My goal is to establish a commitment of excellence to all children and families regardless of their race, creed, color, religious background or other diverse characteristics. As a parent and  early  childhood  educator  it  is  my  belief that I not  discriminate and  devalue  what each family  has  to  offer. I must address their individual needs with the intent to teach and meet the needs of the whole child in my care.

I would like to thank all my colleagues for their continued support and words of encouragement. This was definitely an experience in which we all grew and learned about each other together. I wish all my peers the best as they continue to travel through this journey of growth and knowledge. I urge you all to continue to embrace healthy supportive relationships and continue to advocate for all children and their families.

 
              You must be the change you want to see in the world.-Mahatma Gandhi

 

Thursday, October 18, 2012

Welcoming Families From Around the World


 

My family is a family relocating from Bangladesh.

In preparation of providing an environment that is culturally responsive toward the family:

1.          I would find out about the families culture, background, their history and experiences of different groups from their country. This would help me to better understand the family and their culture.

 

2.          I would also assess my classroom and arrange it so that there are multiple diverse materials and visuals that connect with the child.
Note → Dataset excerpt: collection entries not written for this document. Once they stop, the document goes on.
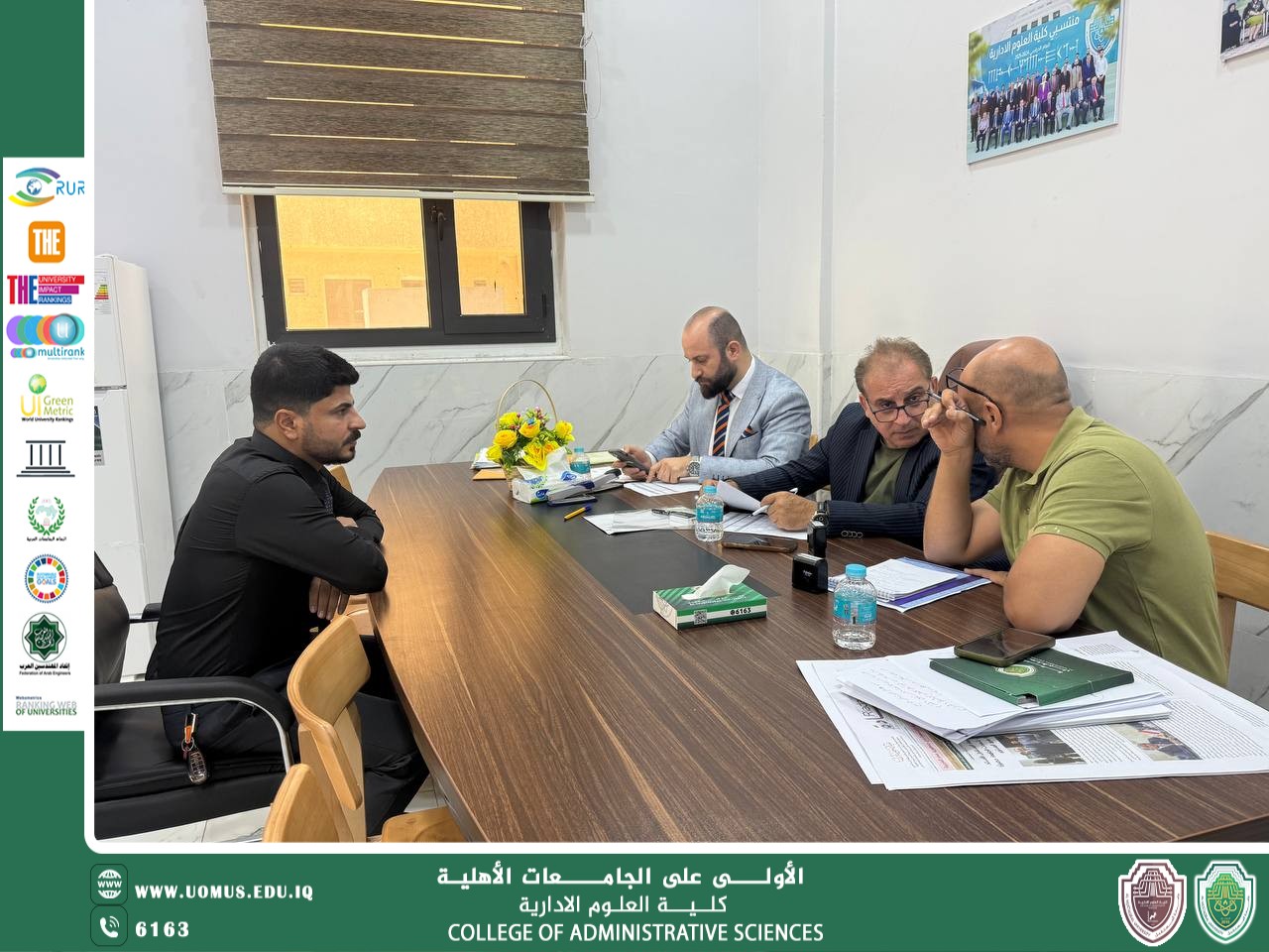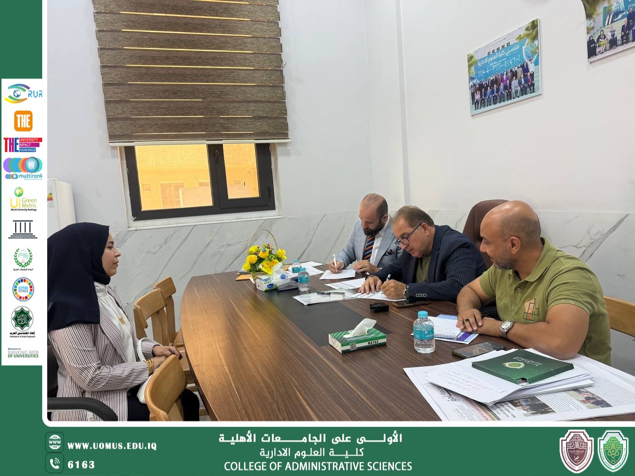 Professor Dr. Haider Ali Al-Dulaimi, Dean of the College of Administrative Sciences, chaired the specialized committee responsible for appointing postgraduate degree holders (Ph.D. and Master’s) to the university staff for the academic year 2025–2026.
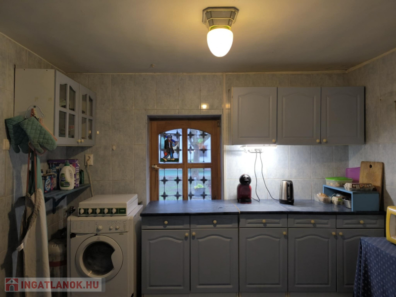 1. épület – 62,9 m²-es, vályogfalazatú, gondosan karbantartott házTágas előtér, nappali, hálószoba, konyha, fürdő + WC, kamra és kertkapcsolatos terasz.Fűtés: vízteres kandalló + inverteres klíma.Meleg víz: villanybojler.Az épület azonnal költözhető, teljes berendezéssel.
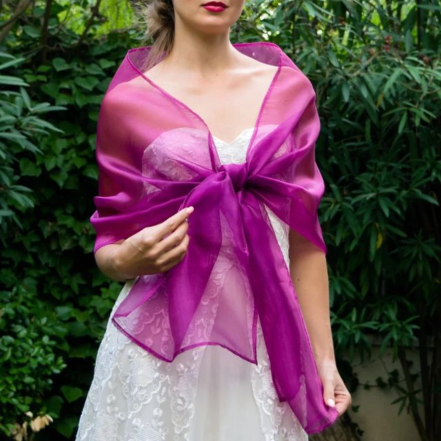 Detalles del productoChal de organza muy elegante color púrpura para fiesta de bodas o vestido de noche / A very elegant organza shawl in purple for your wedding party or evening dress.
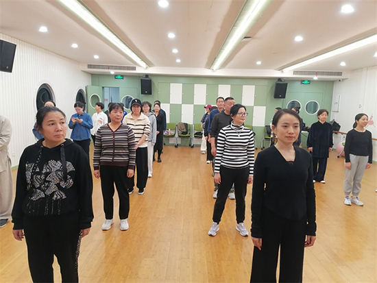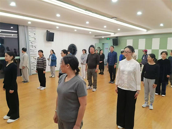 王連生老師示范了一遍楊氏太極拳的動(dòng)作,輕盈的步伐,行云流水般流暢的動(dòng)作引來(lái)學(xué)員們的掌聲。在老學(xué)員的分解動(dòng)作示范下,新學(xué)員們紛紛擺開(kāi)架勢(shì),開(kāi)始練習(xí)。由于場(chǎng)地有限,更多的學(xué)員通過(guò)線上直播課程在家學(xué)習(xí)。如果學(xué)員們現(xiàn)場(chǎng)沒(méi)有掌握好,可以回家在線上看課程回放。
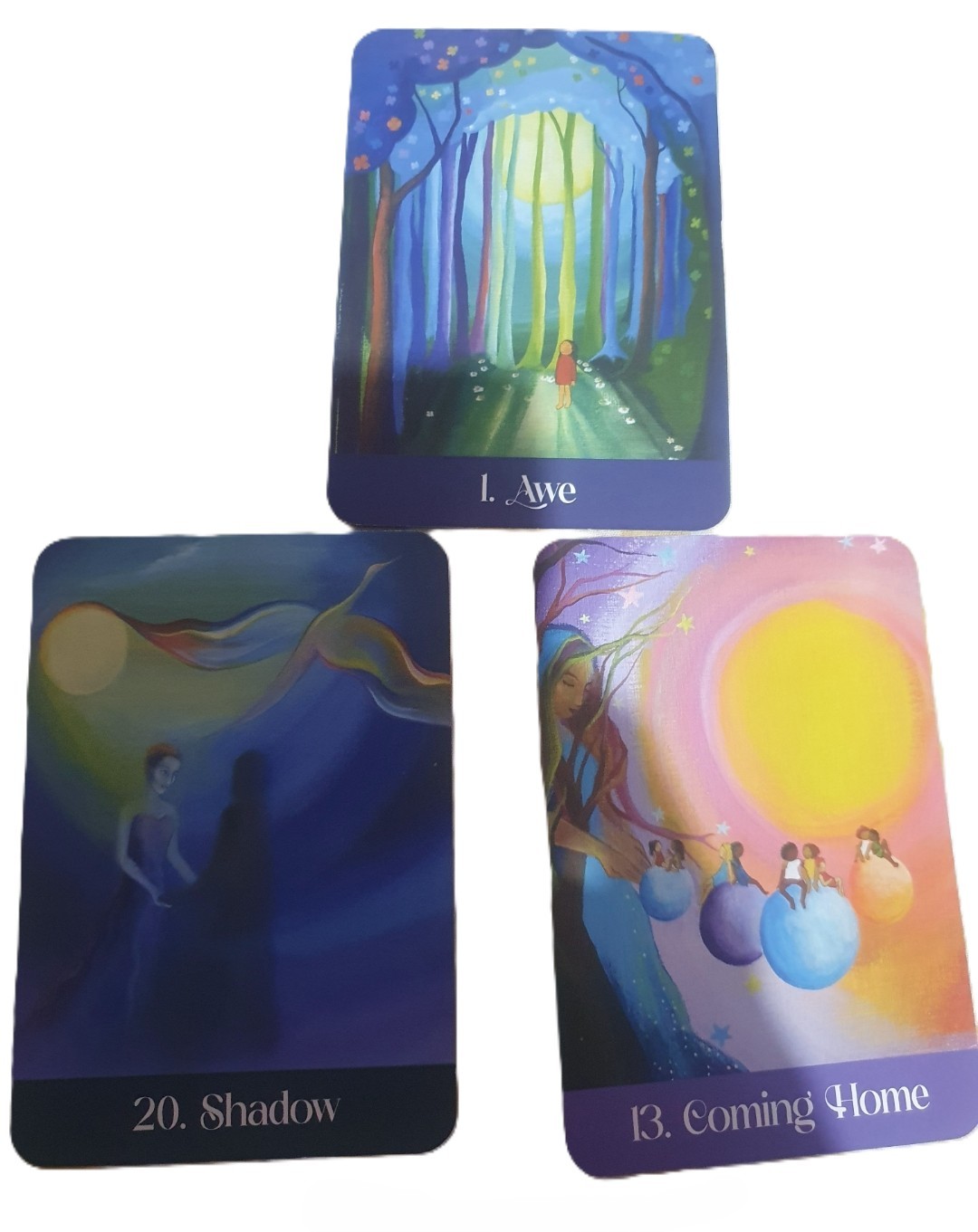 Each card is carefully designed with specific colours and symbols, representing different aspects of life, such as love, joy, balance, and clarity.
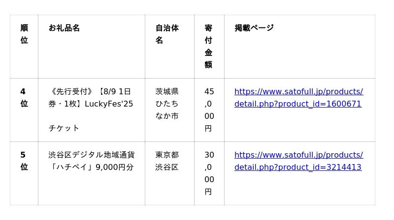 <関東版>2025年上半期ふるさと納税人気お礼品ランキング詳細は以下よりご確認ください。
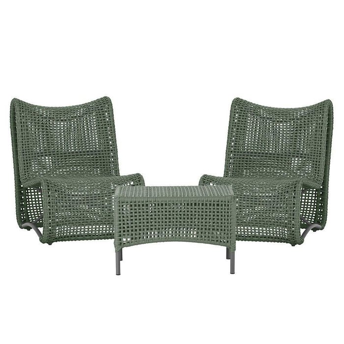 2 Poltronas E Mesa Texas Alumínio Preto Corda Náutica Trama Verde
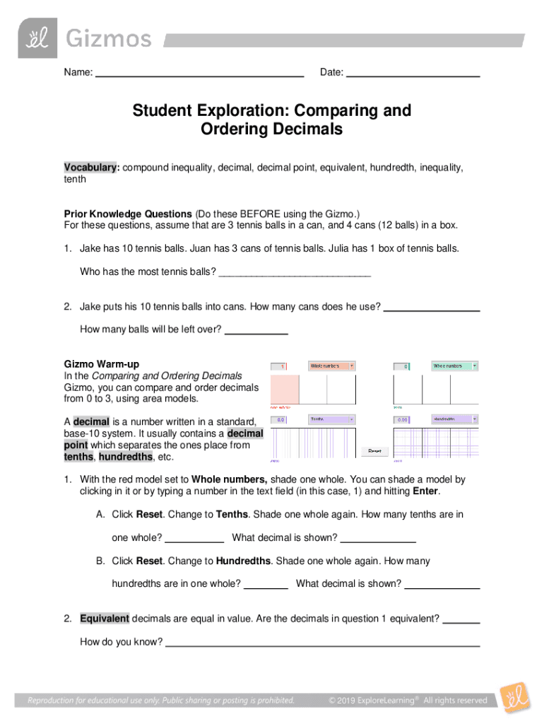 Name:Date:Student Exploration: Comparing and Ordering Decimals Vocabulary: compound inequality, decimal, decimal point, equivalent, hundredth, inequality, tenthPrior Knowledge Questions (Do these

Some of the materials would be toys, posters, games, dramatic play props, and multicultural books.

 

3.          It would also be important that I meet with the parents so that we can discuss their goals for their child and child’s interest. Meeting one on one with the parents would allow me another opportunity to learn more about them and the needs of their child.

 

4.          I would also develop and provide multiple instructional approaches that will help accommodate the students learning style.

 

 

5.          I also feel that it would be important that I integrate the family’s home language with the English language through song, stories, and classroom labeling. This will allow the child to feel more comfortable with the classroom setting.

 

Through these preparations I hope to provide a quality school experience that sets a strong foundation of good health, growth and success in education for the family’s child as well as other children within the classroom environment. 

Saturday, October 13, 2012

The Personal Side of Bias, Prejudice, and Oppression


             
 
 
            This story captivated me at such a young age. It depicts what so many young girls experience when they think of the image of beauty and what is pure. As a young girl I used this story as an inspiration of self-worth unlike the story which provides an example of self-oppression due to racal and skin complex.

            The memory that I have of an incident of oppression that has always stuck with me is actually from a book that I read in seventh grade.  The story the, Bluest Eye written by  Toni Morrison is a 1970’s novel about a young girl named Pecola who has an inferiority complex due to her skin and eye appearance.   The book focuses on racism, incest and child molestation. In the story the main character, Pecola is constantly told that she is ugly and has been instilled with the idea that whiteness is beautiful. In the book whiteness stands for beauty. Due to this Pecola who is of darker skin connects beauty with love and believes that if she had blue eyes all of the wrong in her life would go away and be replaced with love and affection. For Pecola she wishes is she had blue eyes she could see the world in a more beautiful positive light. The overall story compares blackness and whiteness as well as describes the negative impact that white cultural domination has on culture identity.

My description doesn’t really give the novel the justice that it deserves. I recommend that others read the story to get the full scope of what inspired me at such a young age.